**What is required:** Skipping each picture, output the entries exactly as they stand below.

- - -

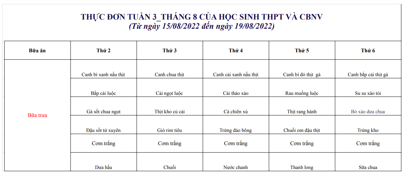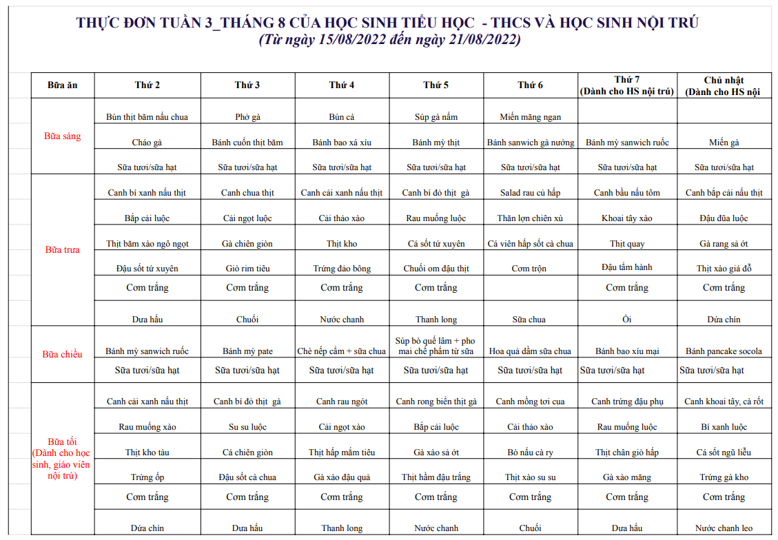 Thực đơn từ ngày 15/08/2022 đến ngày 21/08/2022
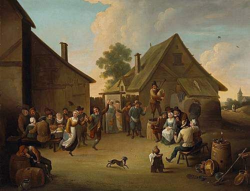 Villagers dancing and frolicking outside an inn
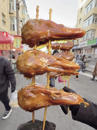 他们等了一会儿,让老板现做,也买了一串尝尝。老板告诉他们,现如今东北人喊南方游客改叫“南方小金豆”了,而这样的创新小吃很受“小金豆”欢迎,一天能卖出几百个鸭头。
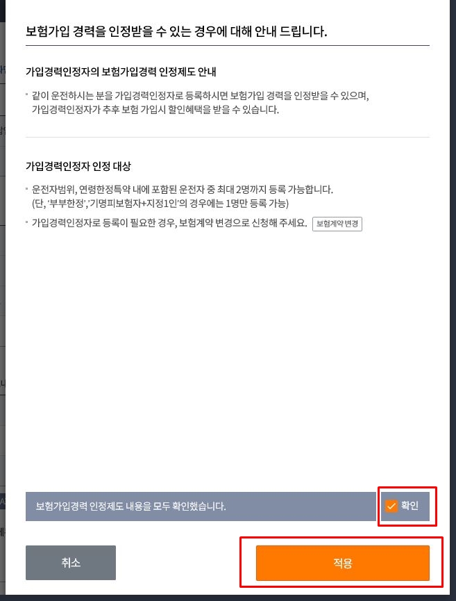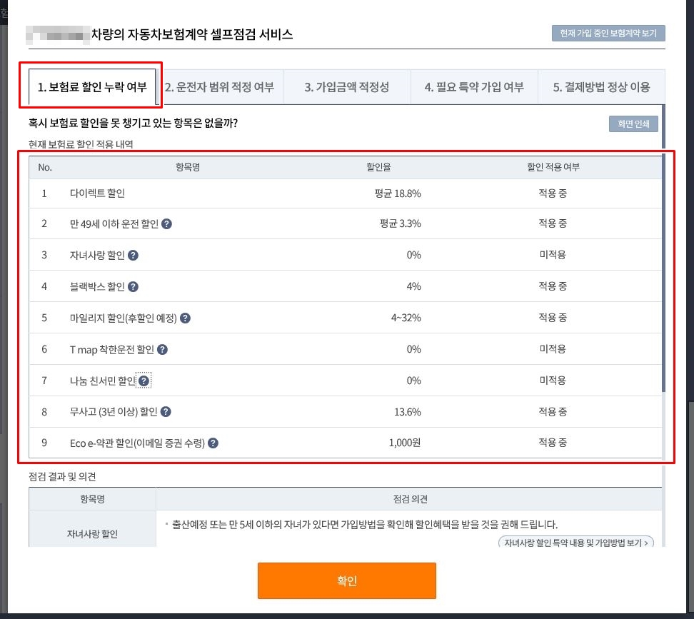1번 '보험료 할인 누락 여부'는 할인 받을수 있는 모든 항목을 표시해 주고, 적용한 것과 미적용 한것을 한눈에 볼수 있습니다. 혹시 내가 빠트린 할인인 있는지? 확인할수 있어서 좋은거 같습니다.
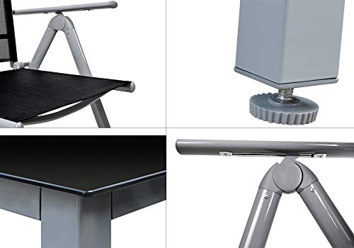 【 Lieferumfang 】 6+1 Sitzgruppe besteht jedweder: 1x Gartentisch (150x90cm) + 6x Gartenstuhl Hochlehner (fertig montiert) + 2x Sicherheitstischplatte (schwarzes Glas) + Montagematerial & Aufbauanleitung (Tisch) // Farbe Ag
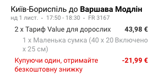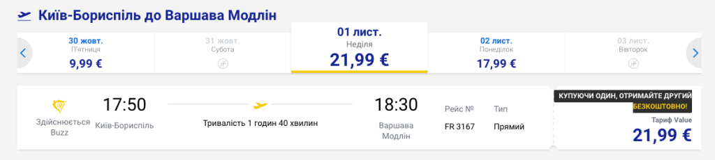 Акція діє до закінчення акційних місць, діє на лише на деякі рейс та розповсюджується на тариф Value. Щоб отримати другий квиток безкоштовно, потрібно забронювати 2 та більше квитків.Купуючи один квиток за тарифом Value, Ви отримуєте другий квиток безкоштовно на тому ж самому рейсі. Але є й обмеження: за будь-яке внесення змін щодо рейсів у бронюванні, оформленому під час акції «Купуючи один, отримайте другий безкоштовно» (до 24 вересня), стягується збір за зміну рейсу.

- - -

**Solved exercise:**
 Thực đơn từ ngày 15/08/2022 đến ngày 21/08/2022
 Villagers dancing and frolicking outside an inn
 他们等了一会儿,让老板现做,也买了一串尝尝。老板告诉他们,现如今东北人喊南方游客改叫“南方小金豆”了,而这样的创新小吃很受“小金豆”欢迎,一天能卖出几百个鸭头。
1번 '보험료 할인 누락 여부'는 할인 받을수 있는 모든 항목을 표시해 주고, 적용한 것과 미적용 한것을 한눈에 볼수 있습니다. 혹시 내가 빠트린 할인인 있는지? 확인할수 있어서 좋은거 같습니다.
 【 Lieferumfang 】 6+1 Sitzgruppe besteht jedweder: 1x Gartentisch (150x90cm) + 6x Gartenstuhl Hochlehner (fertig montiert) + 2x Sicherheitstischplatte (schwarzes Glas) + Montagematerial & Aufbauanleitung (Tisch) // Farbe Ag
 Акція діє до закінчення акційних місць, діє на лише на деякі рейс та розповсюджується на тариф Value. Щоб отримати другий квиток безкоштовно, потрібно забронювати 2 та більше квитків.Купуючи один квиток за тарифом Value, Ви отримуєте другий квиток безкоштовно на тому ж самому рейсі. Але є й обмеження: за будь-яке внесення змін щодо рейсів у бронюванні, оформленому під час акції «Купуючи один, отримайте другий безкоштовно» (до 24 вересня), стягується збір за зміну рейсу.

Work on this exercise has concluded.